[1] MEMORANDUM OPINION
[2] Donald Eugene Mills, hereinafter referred to as defendant, was charged, tried, and convicted in the District Court of Garfield County for the crime of Embezzlement After Former Conviction of a Felony. He was sentenced to serve five years imprisonment in the state penitentiary, and from said judgment and sentence a timely appeal has been perfected to this Court.
[3] Briefly stated, the evidence adduced at the trial revealed that the defendant, an employee of Newman Mercantile Company in Enid, Oklahoma, delivered a refrigerator to Joyce Ciardullo, and was paid $400.00 on May 17, 1969. This payment was made in the form of three One-hundred dollar bills and a check for One-hundred dollars. The company bookkeeper, Mrs. Winifred Vincent, testified that she did not remember the defendant giving her the money and discovered it was missing. The manager reported the matter to the District Attorney's office and an investigation was commenced. The missing check was found some time later in an envelope stuck under a door of the company, by the defendant and another employee.
[4] The defendant, after being advised of his constitutional rights by the Assistant District Attorney, agreed to take a polygraph examination. He was taken to the Oklahoma Bureau of Investigation in Oklahoma City by members of the District Attorney's office and advised of his constitutional rights, wherein he refused to sign a written waiver. He took the polygraph examination and was advised that he had flunked the test. He subsequently made a statement to two agents that he had put the money on the bookkeeper's desk and when he returned, found it still laying there; he put it in his pocket and walked out. The agents also testified as to where the defendant stated he had spent the money.
[5] The defendant made a second purported confession to the Assistant District Attorney on the return trip to Enid. Testimony was offered by three additional witnesses to verify that he had paid accounts which the defendant had included in his oral statement.
[6] The defendant testified that he had, in fact, been paid by the customer and that he put the money on the desk of the bookkeeper. He stated he agreed to take the polygraph examination because of threats by the Assistant District Attorney. He admitted *Page 393 making incriminating statements to the agents, but stated they were not true and were made as the easy way out of the situation.
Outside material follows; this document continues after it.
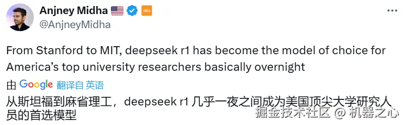 毕竟,正如 a16z 合伙人、Mistral 董事会成员 Anjney Midha 说的那样:从斯坦福到麻省理工,DeepSeek-R1 几乎一夜之间就成了美国顶尖大学研究人员的首选模型。
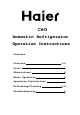 C60 Domestic Refrigerator Operation Instructions Contents Cautions 1-2 Parts 3 Observations 4 Basic Operation 5 Operation Instructions 6 Defrosting/Cleaning Troubleshooting 7-8 9

[7] This case must be reversed for several errors committed by the trial court. It is our first observation that the Information charging the defendant would be sufficient to allege a crime under 21 O.S. 1910 § 1454[21-1454]; however, the court instructed the jury under the provisions of 21 O.S. 1910 § 1452[21-1452]. It is next observed that the defendant was tried under the habitual criminal statute when there was no evidence of this prior conviction presented at the preliminary hearing.
[8] This Court has previously ruled on this question in the case of Carter v. State, Okla. Cr. 292 P.2d 435, in which we stated:
"The question of the defendant's right to be informed in the magistrate's preliminary complaint that he must face the charge as a second and subsequent offender because of a prior conviction or convictions, is a matter of substance, not just form."
[9] We have carefully reviewed the entire case made and there is some doubt in the minds of this Court as to the admissibility of the confession from the evidence presented. We would suggest to the trial court that a Jackson v. Denno hearing be conducted to determine the question of voluntariness of the confession.
[10] This case presents an unfortunate situation, as the evidence of defendant's guilt appears clear; but regardless of the defendant's guilt and his prior conviction, he is entitled to the same fair trial as any other defendant. Under the situation here presented we cannot say this defendant has been afforded such treatment. Therefore, the judgment and sentence is hereby vacated, and the case is reversed and remanded for a new trial, in accord with the principles hereinbefore set forth.
[11] BRETT, P.J., and NIX, J., concur.